*What is required:* Each line from the one containing "Kaklık - Güzelçamlı" to the end of the entries below is to be set down exactly; the pictures are not.

[Items listed in a dataset]
---
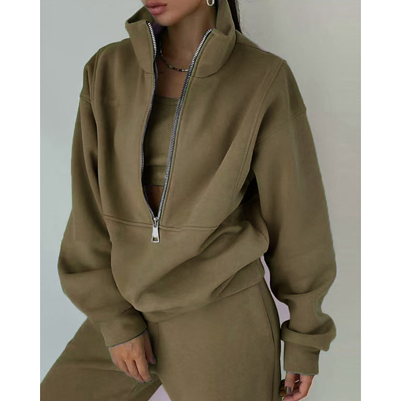 Women's Sweatpants Fleece Tracksuit Track Top Zipper 2 Piece Solid Colored Jacket and Sweatpants Clothing Suit Fall Forest Green Navy Gym Sports Running Thermal Warm Windproof Long Sleeve Sport
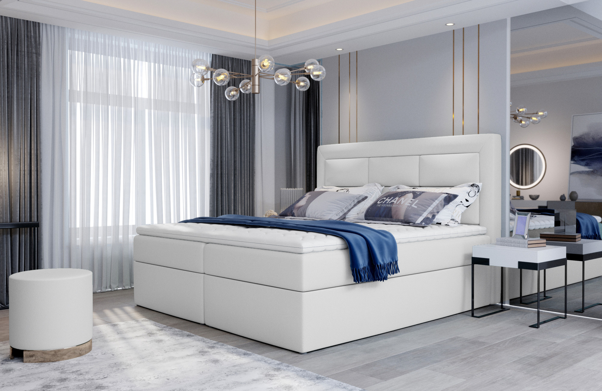 Vivre je jednoduchá a prostorná, přesto elegantní a velmi pohodlná kontinentální postel typu boxspring, která bude dokonalým zakončením každého moderního designu ložnice. Tento model, dostupný ve třech velikostech: 140/160/180 x 200 cm, je vybaven pevným bonellovým matrací a pěnou T25. Kromě toho stojí za to podívat se také na dva prostorné úložné boxy na lůžkoviny. Dalšími charakteristickými prvky postele Vivre jsou: módní prošívané opěradlo, vysoké sedadlo o výšce 53 centimetrů a malé nožky. Pokud máte zájem o pohodlnou a zároveň stylovou postel, ze které vstanete vždy tou správnou nohou díky maximálnímu pohodlí a funkčnosti, kterou nabízí - zveme vás, abyste se zajímali o naši Boxspring Vivre. Koneckonců, zdravý spánek je ta nejdůležitější věc.
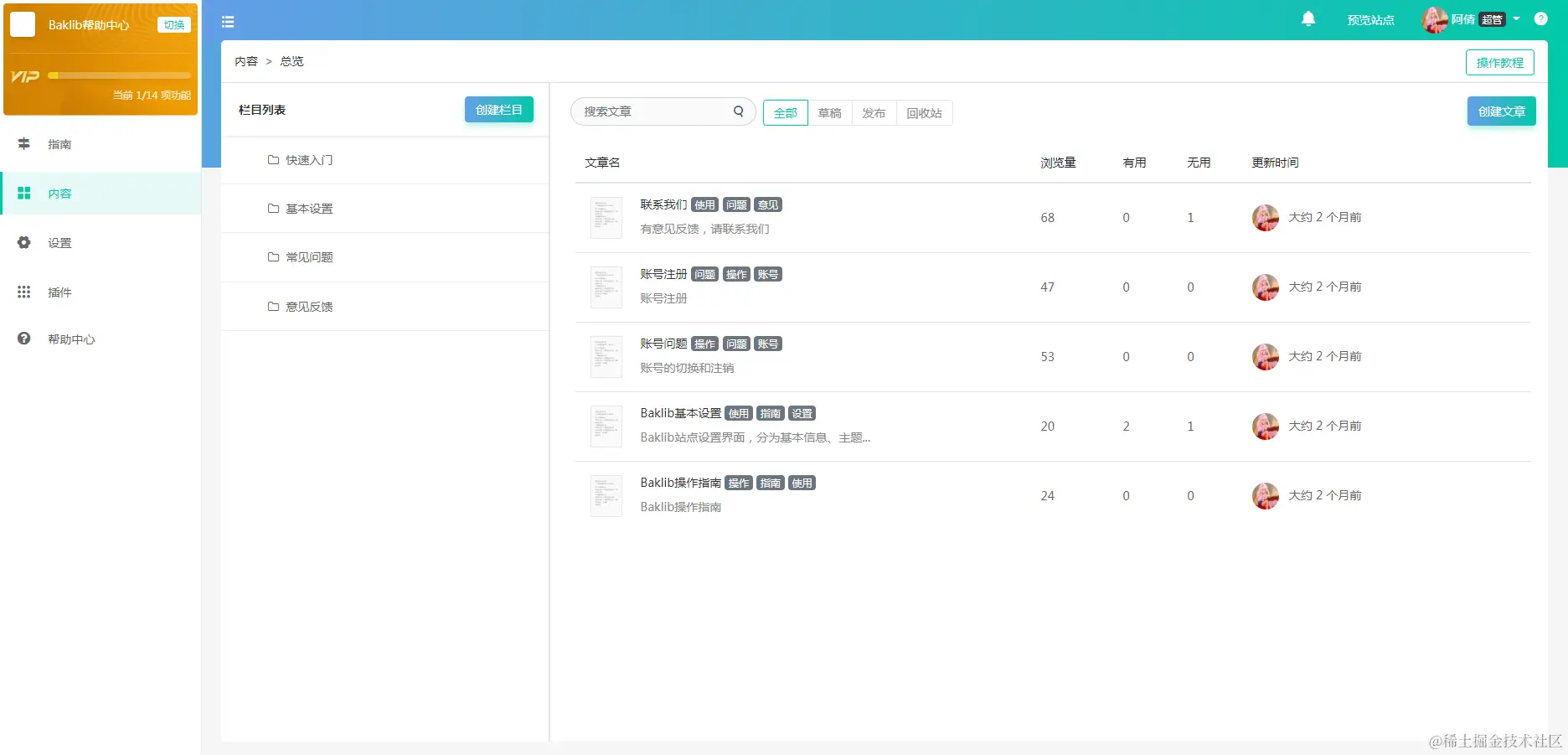 点击开始创建后就进入了后台界面,将问题一一罗列,创建栏目进行分类,填写内容。
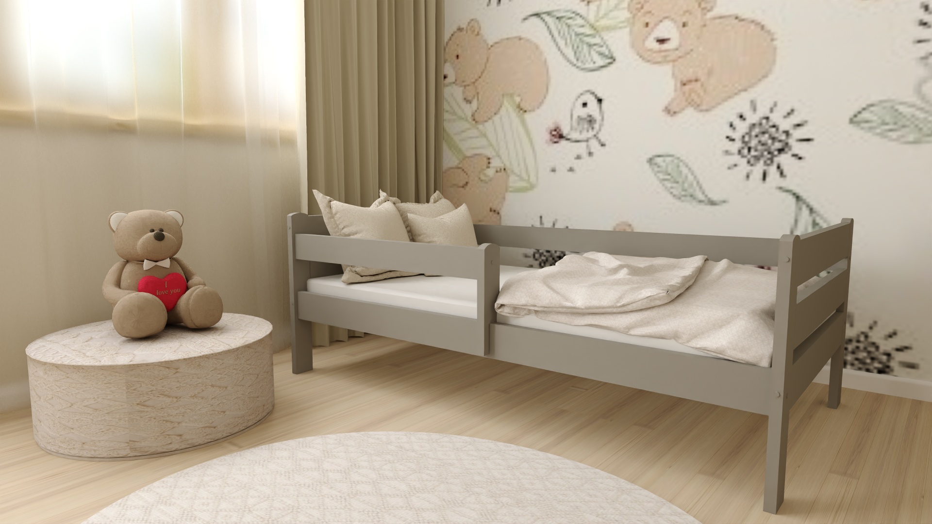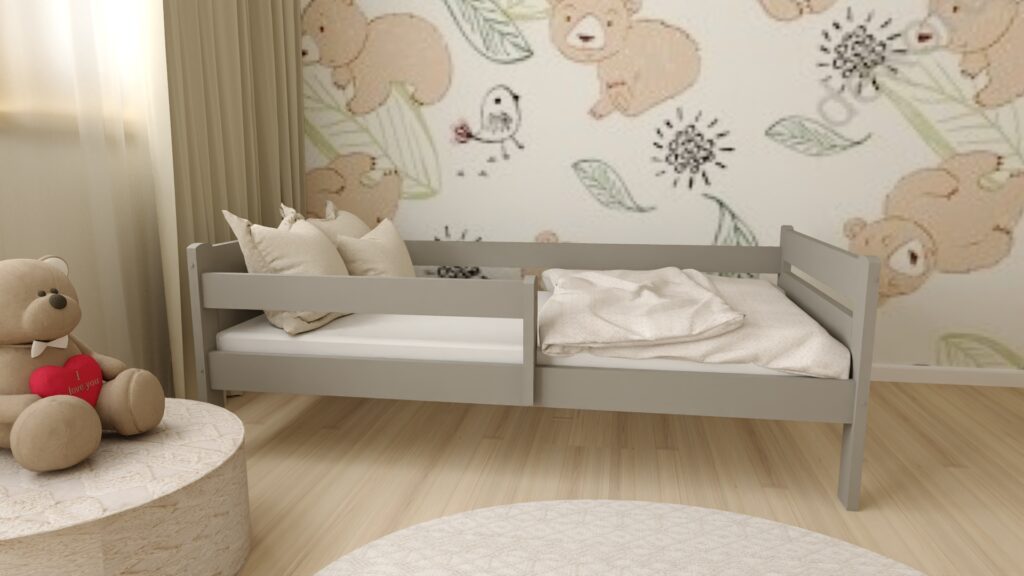 ZESTAW ŁÓŻKO DZIECIĘCE EDI 90×200 Szare + materac piankowy
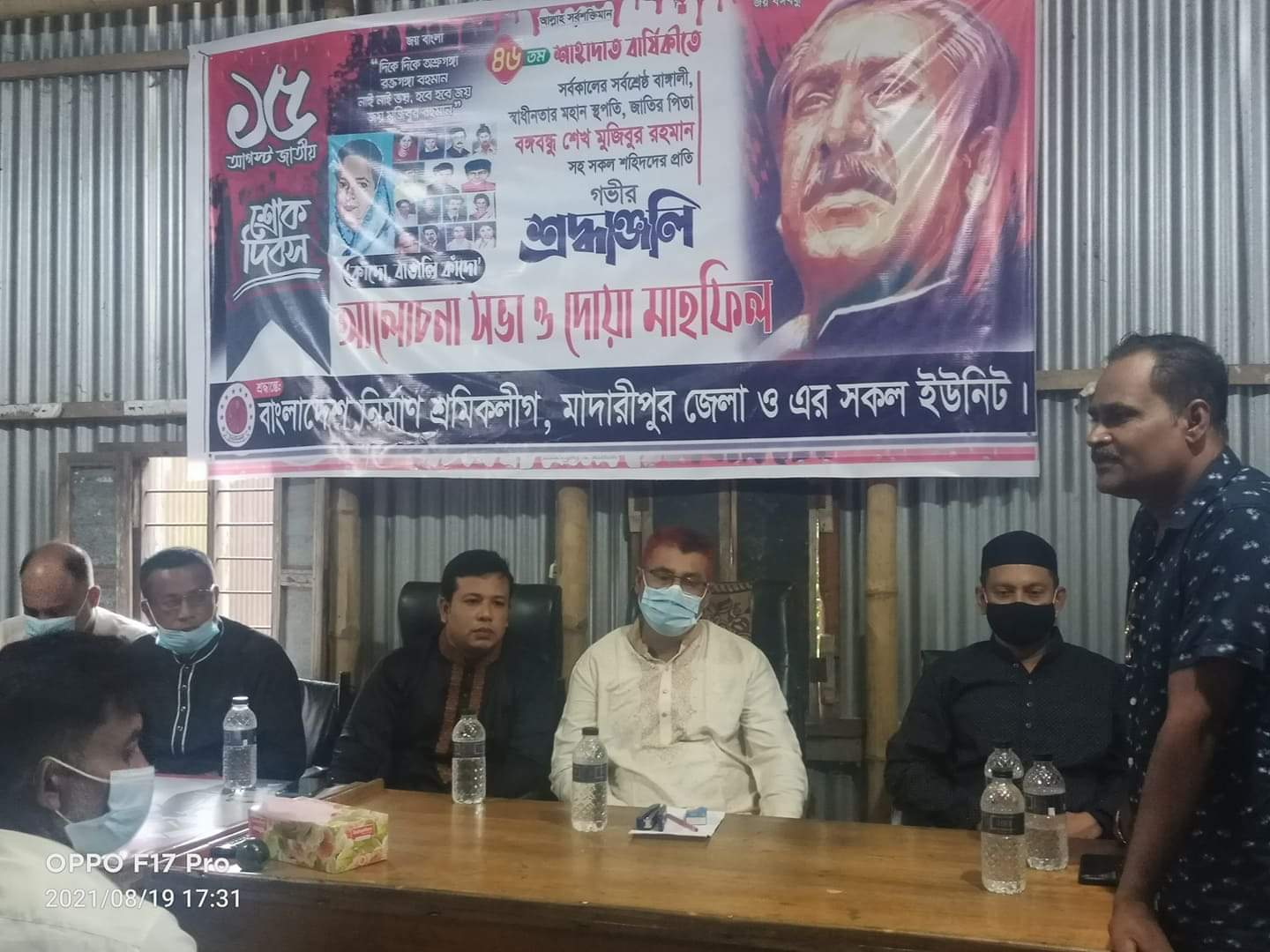 মাদারীপুরে নির্মাণ শ্রমিকলীগের উদ্যোগে বঙ্গবন্ধুর ৪৬ তম শাহাদাৎ বার্ষিকী উদযাপন
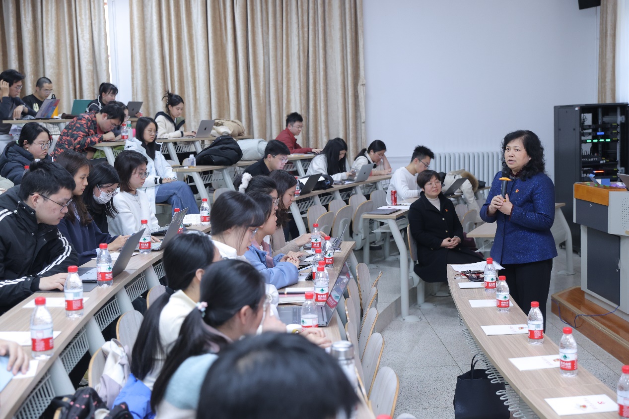 随后,烟台大学博鱼网页版党总支书记姜丽岳应邀作专题授课。她以红色胶东现象为切入点,生动讲述了革命先烈的英勇事迹和胶东地区在中国革命历史中的重要地位。姜丽岳认为,地域文化的鲜明特质与红色文化的引领提升是胶东红色现象形成的关键因素。她强调,习近平总书记指出“以中国式现代化全面推进强国建设、民族复兴,是新时代新征程党和国家的中心任务。”作为党员要永远保持与人民群众的血肉联系,常怀“民族复兴有我在”的使命担当。报告声情并茂,不仅让听众深刻感受到了胶东人民前赴后继、初心永驻、砥砺前行的基因与品质,也进一步激发了师生党员的爱国热情和责任担当。
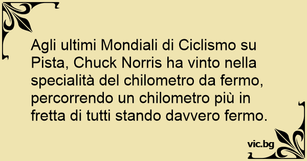 Agli ultimi Mondiali di Ciclismo su Pista, Chuck Norris ha vinto nella specialità del chilometro da fermo, percorrendo un chilometro più in fretta di tutti stando davvero fermo.
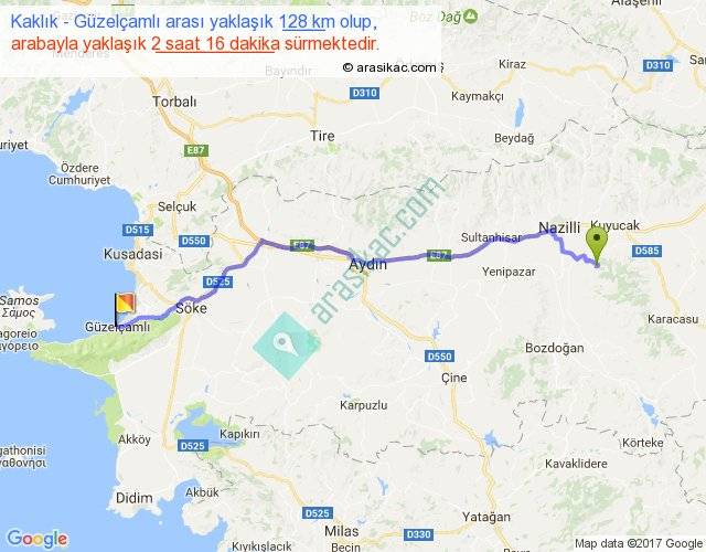 Kaklık - Güzelçamlı arası yaklaşık olarak 90 km/h ile yukarıda belirtilen sürede olup, iki yerin kuş uçuşu uzaklığı (mesafesi) 105'dir. Yolculuk otobüsle 2 saat 56 dakika sürmektedir.
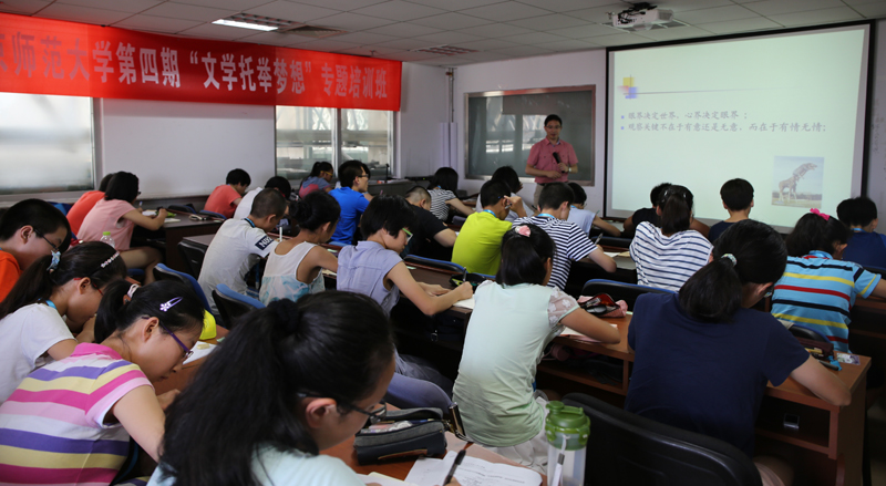 的光辉历史,历数师大历代文学大师,鼓励小作家们努力学习,向先贤看齐,并寄予了殷切的希望,希望他们能够充分利用5天的培训时间,虚心求教、努力学习、学有所成,争取未来成为一名杰出的乃至世界级的优秀作家。
---
*Expected answer:*
 Kaklık - Güzelçamlı arası yaklaşık olarak 90 km/h ile yukarıda belirtilen sürede olup, iki yerin kuş uçuşu uzaklığı (mesafesi) 105'dir. Yolculuk otobüsle 2 saat 56 dakika sürmektedir.
 的光辉历史,历数师大历代文学大师,鼓励小作家们努力学习,向先贤看齐,并寄予了殷切的希望,希望他们能够充分利用5天的培训时间,虚心求教、努力学习、学有所成,争取未来成为一名杰出的乃至世界级的优秀作家。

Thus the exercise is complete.